Saved data entries
- - -

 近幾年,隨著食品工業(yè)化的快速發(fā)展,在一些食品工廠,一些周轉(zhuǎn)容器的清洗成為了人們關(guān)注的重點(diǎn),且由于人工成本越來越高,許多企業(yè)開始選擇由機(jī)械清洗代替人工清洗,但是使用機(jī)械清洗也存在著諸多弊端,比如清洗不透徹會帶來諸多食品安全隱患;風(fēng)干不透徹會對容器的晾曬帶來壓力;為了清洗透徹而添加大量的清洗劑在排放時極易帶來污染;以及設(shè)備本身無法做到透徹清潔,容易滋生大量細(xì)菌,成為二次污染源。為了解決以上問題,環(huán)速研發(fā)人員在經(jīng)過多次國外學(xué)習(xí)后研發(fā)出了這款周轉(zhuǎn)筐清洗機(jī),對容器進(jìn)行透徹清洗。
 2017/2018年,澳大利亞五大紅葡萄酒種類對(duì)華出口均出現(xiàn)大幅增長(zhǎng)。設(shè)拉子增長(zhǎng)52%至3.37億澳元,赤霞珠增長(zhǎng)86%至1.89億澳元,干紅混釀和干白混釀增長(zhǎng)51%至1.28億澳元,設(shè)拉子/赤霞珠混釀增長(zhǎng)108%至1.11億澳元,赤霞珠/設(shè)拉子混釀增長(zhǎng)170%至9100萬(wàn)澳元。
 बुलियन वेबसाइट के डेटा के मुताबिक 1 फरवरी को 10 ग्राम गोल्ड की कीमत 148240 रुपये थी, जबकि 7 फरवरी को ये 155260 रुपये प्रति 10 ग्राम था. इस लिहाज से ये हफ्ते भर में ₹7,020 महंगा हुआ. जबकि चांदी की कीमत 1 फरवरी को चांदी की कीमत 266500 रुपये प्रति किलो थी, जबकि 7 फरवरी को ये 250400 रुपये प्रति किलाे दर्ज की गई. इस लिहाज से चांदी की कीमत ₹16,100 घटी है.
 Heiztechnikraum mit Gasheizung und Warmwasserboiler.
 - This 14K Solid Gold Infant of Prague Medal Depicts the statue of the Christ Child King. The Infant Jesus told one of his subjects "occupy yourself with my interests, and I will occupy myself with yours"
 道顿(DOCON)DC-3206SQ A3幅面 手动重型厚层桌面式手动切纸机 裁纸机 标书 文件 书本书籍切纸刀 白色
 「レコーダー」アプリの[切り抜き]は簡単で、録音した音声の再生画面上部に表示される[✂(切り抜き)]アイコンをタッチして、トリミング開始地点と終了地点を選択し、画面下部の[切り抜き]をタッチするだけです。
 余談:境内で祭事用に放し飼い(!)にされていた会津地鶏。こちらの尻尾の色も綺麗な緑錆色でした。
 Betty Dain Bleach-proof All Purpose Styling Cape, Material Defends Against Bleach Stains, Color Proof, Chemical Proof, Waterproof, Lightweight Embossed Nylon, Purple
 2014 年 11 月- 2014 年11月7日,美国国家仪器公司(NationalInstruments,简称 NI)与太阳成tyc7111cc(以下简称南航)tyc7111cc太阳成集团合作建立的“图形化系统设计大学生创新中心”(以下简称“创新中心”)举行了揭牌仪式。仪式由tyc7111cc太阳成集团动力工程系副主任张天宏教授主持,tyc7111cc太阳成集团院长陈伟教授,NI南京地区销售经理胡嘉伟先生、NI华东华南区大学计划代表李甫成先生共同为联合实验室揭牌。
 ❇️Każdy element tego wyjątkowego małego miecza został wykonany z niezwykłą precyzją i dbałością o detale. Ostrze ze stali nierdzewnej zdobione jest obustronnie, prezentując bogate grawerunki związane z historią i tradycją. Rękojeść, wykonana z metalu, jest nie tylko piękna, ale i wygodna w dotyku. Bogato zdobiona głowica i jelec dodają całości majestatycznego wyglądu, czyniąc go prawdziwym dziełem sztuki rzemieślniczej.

- - -

▸ **Problem statement**: Give the entries again exactly as they stand.

▸ **Result of the exercise**:
 近幾年,隨著食品工業(yè)化的快速發(fā)展,在一些食品工廠,一些周轉(zhuǎn)容器的清洗成為了人們關(guān)注的重點(diǎn),且由于人工成本越來越高,許多企業(yè)開始選擇由機(jī)械清洗代替人工清洗,但是使用機(jī)械清洗也存在著諸多弊端,比如清洗不透徹會帶來諸多食品安全隱患;風(fēng)干不透徹會對容器的晾曬帶來壓力;為了清洗透徹而添加大量的清洗劑在排放時極易帶來污染;以及設(shè)備本身無法做到透徹清潔,容易滋生大量細(xì)菌,成為二次污染源。為了解決以上問題,環(huán)速研發(fā)人員在經(jīng)過多次國外學(xué)習(xí)后研發(fā)出了這款周轉(zhuǎn)筐清洗機(jī),對容器進(jìn)行透徹清洗。
 2017/2018年,澳大利亞五大紅葡萄酒種類對(duì)華出口均出現(xiàn)大幅增長(zhǎng)。設(shè)拉子增長(zhǎng)52%至3.37億澳元,赤霞珠增長(zhǎng)86%至1.89億澳元,干紅混釀和干白混釀增長(zhǎng)51%至1.28億澳元,設(shè)拉子/赤霞珠混釀增長(zhǎng)108%至1.11億澳元,赤霞珠/設(shè)拉子混釀增長(zhǎng)170%至9100萬(wàn)澳元。
 बुलियन वेबसाइट के डेटा के मुताबिक 1 फरवरी को 10 ग्राम गोल्ड की कीमत 148240 रुपये थी, जबकि 7 फरवरी को ये 155260 रुपये प्रति 10 ग्राम था. इस लिहाज से ये हफ्ते भर में ₹7,020 महंगा हुआ. जबकि चांदी की कीमत 1 फरवरी को चांदी की कीमत 266500 रुपये प्रति किलो थी, जबकि 7 फरवरी को ये 250400 रुपये प्रति किलाे दर्ज की गई. इस लिहाज से चांदी की कीमत ₹16,100 घटी है.
 Heiztechnikraum mit Gasheizung und Warmwasserboiler.
 - This 14K Solid Gold Infant of Prague Medal Depicts the statue of the Christ Child King. The Infant Jesus told one of his subjects "occupy yourself with my interests, and I will occupy myself with yours"
 道顿(DOCON)DC-3206SQ A3幅面 手动重型厚层桌面式手动切纸机 裁纸机 标书 文件 书本书籍切纸刀 白色
 「レコーダー」アプリの[切り抜き]は簡単で、録音した音声の再生画面上部に表示される[✂(切り抜き)]アイコンをタッチして、トリミング開始地点と終了地点を選択し、画面下部の[切り抜き]をタッチするだけです。
 余談:境内で祭事用に放し飼い(!)にされていた会津地鶏。こちらの尻尾の色も綺麗な緑錆色でした。
 Betty Dain Bleach-proof All Purpose Styling Cape, Material Defends Against Bleach Stains, Color Proof, Chemical Proof, Waterproof, Lightweight Embossed Nylon, Purple
 2014 年 11 月- 2014 年11月7日,美国国家仪器公司(NationalInstruments,简称 NI)与太阳成tyc7111cc(以下简称南航)tyc7111cc太阳成集团合作建立的“图形化系统设计大学生创新中心”(以下简称“创新中心”)举行了揭牌仪式。仪式由tyc7111cc太阳成集团动力工程系副主任张天宏教授主持,tyc7111cc太阳成集团院长陈伟教授,NI南京地区销售经理胡嘉伟先生、NI华东华南区大学计划代表李甫成先生共同为联合实验室揭牌。
 ❇️Każdy element tego wyjątkowego małego miecza został wykonany z niezwykłą precyzją i dbałością o detale. Ostrze ze stali nierdzewnej zdobione jest obustronnie, prezentując bogate grawerunki związane z historią i tradycją. Rękojeść, wykonana z metalu, jest nie tylko piękna, ale i wygodna w dotyku. Bogato zdobiona głowica i jelec dodają całości majestatycznego wyglądu, czyniąc go prawdziwym dziełem sztuki rzemieślniczej.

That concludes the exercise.